Aim of the task - Please output every line of the material as it stands, without the pictures.

Dataset extract -

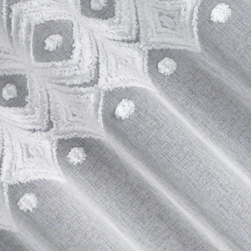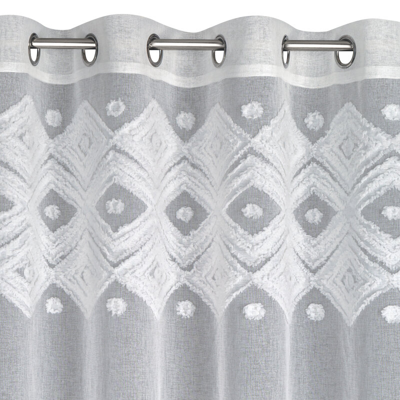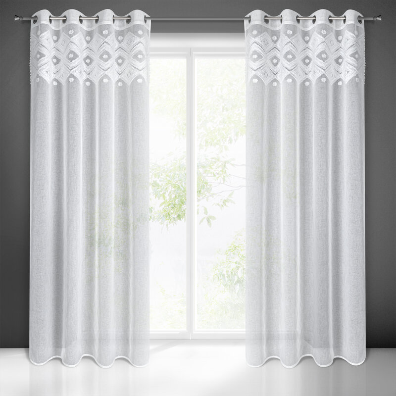 Hotová záclona v boho štýle šírka: 140 cm, dĺžka: 250 cm, farba: biela, hmotnosť: 100 GSM, zloženie: Materiál: 100% polyester
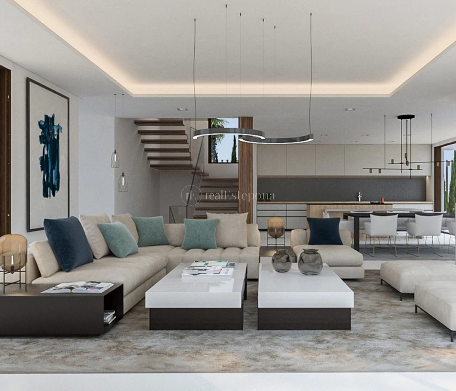 Upon entering the villa you will be impressed by its opulence and meticulous design. The expansive living room boasts high ceilings, allowing an abundance of natural light to illuminate the interior.
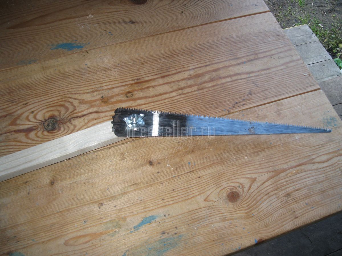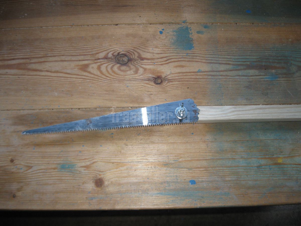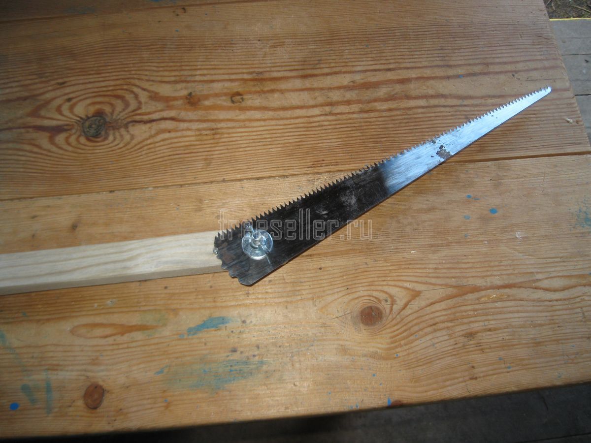 Однако подобные приспособления, которые продаются сейчас в специальных магазинах, стоят достаточно дорого. Поэтому я решил сделать собственный вариант штанги для крепления ножовки, а в качестве самой ножовки, использовать полотно от старой разборной пилы.

Answer to this exercise -
 Hotová záclona v boho štýle šírka: 140 cm, dĺžka: 250 cm, farba: biela, hmotnosť: 100 GSM, zloženie: Materiál: 100% polyester
 Upon entering the villa you will be impressed by its opulence and meticulous design. The expansive living room boasts high ceilings, allowing an abundance of natural light to illuminate the interior.
 Однако подобные приспособления, которые продаются сейчас в специальных магазинах, стоят достаточно дорого. Поэтому я решил сделать собственный вариант штанги для крепления ножовки, а в качестве самой ножовки, использовать полотно от старой разборной пилы.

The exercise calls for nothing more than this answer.